Cassandra: A Decentralized Structured Storage System - Facebook, 2009

If you haven’t read the Dynamo paper, I suggest you read it before this paper.

  • Originally for their Inbox Search service
    • High write throughput
  • Data Model
    • Operations are atomic under a row key
    • Columns are grouped in column families like Bigtable
    • They also include a new concept of super column families
      • A column family within a column family
    • Application can dictate the sort order of columns in a super column family or column family
      • In Inbox Search, they sort columns by time so recent results appear first
  • Partitioning and Replication
    • Want incremental scalability (like Dynamo)
    • They use consistent hashing (like Dynamo)
      • Random positioning leads to no-uniform load
        • They note that it also ignores the heterogeneity of servers
      • They didn’t use the Dynamo technique of v-nodes
      • They instead analyze load information and move nodes around the ring
        • They argue for easy of implementation and allows them to “make very deterministic choices about the load balancing”
          • The first reason struck me as a little odd
    • They have a coordinator node (a la Dynamo)
    • They use read repair
    • Multiple replication policies
      • I found this cool when I first used Cassandra in 2010
      • Policies:
        1. Rack Unaware
        2. Rack Aware
        3. Datacenter Aware
      • Now the open source version has pluggable policies for other environments like S3
  • Bootstrapping
    • Uses seeds like Dynamo
    • Chooses a random position in the ring
    • Nodes are configured with a Cluster Name
      • A node will only talk to other nodes with the same Cluster Name
      • This saved my bacon many times when I was running multiple clusters on Amazon for a company I worked for
    • Explicit addition and removal of nodes to the cluster (like Dynamo)
    • At the time of the paper they were planning on allowing multiple replicas to speed up the initial bootstrap data transfer
  • Membership
    • They use Zookeeper to elect a leader in charge of membership and ring management
    • Anti-entropy Gossip protocol (based on Scuttlebutt)
      • Also used to transmit other system state
    • They use a modified version of the Φ Accrual Failure Detector
      • Essentially, the model gives a real number for the level of suspicion that a node has failed
      • Adapts to current network conditions
      • I thought this was a cool idea!
  • Local Persistence
    • Commit log on the node (on a dedicated disk for performance)
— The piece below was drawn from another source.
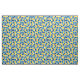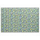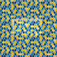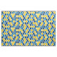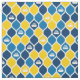 Fabric featuring an ogee tile pattern with curling rocks in shades of blue and yellow on white background. Perfect for curlers and curling fans.

    • In memory data structure that is persisted periodically
      • Per column family
      • Since the persisted files are immutable they do not need read locks
        • Though I’d imagine you’d have to take care during compaction with an atomic swap while ensure there are no readers to the old files
    • They use bloom filters
    • An index for the columns per key so they can jump to the right spot on disk
      • New index every 256K chunk boundary
  • Misc.
    • They don’t discuss any kind of range scans. The current open source version does have range scans.
    • They refer to a state machine for requests (sounds similar to Dynamo)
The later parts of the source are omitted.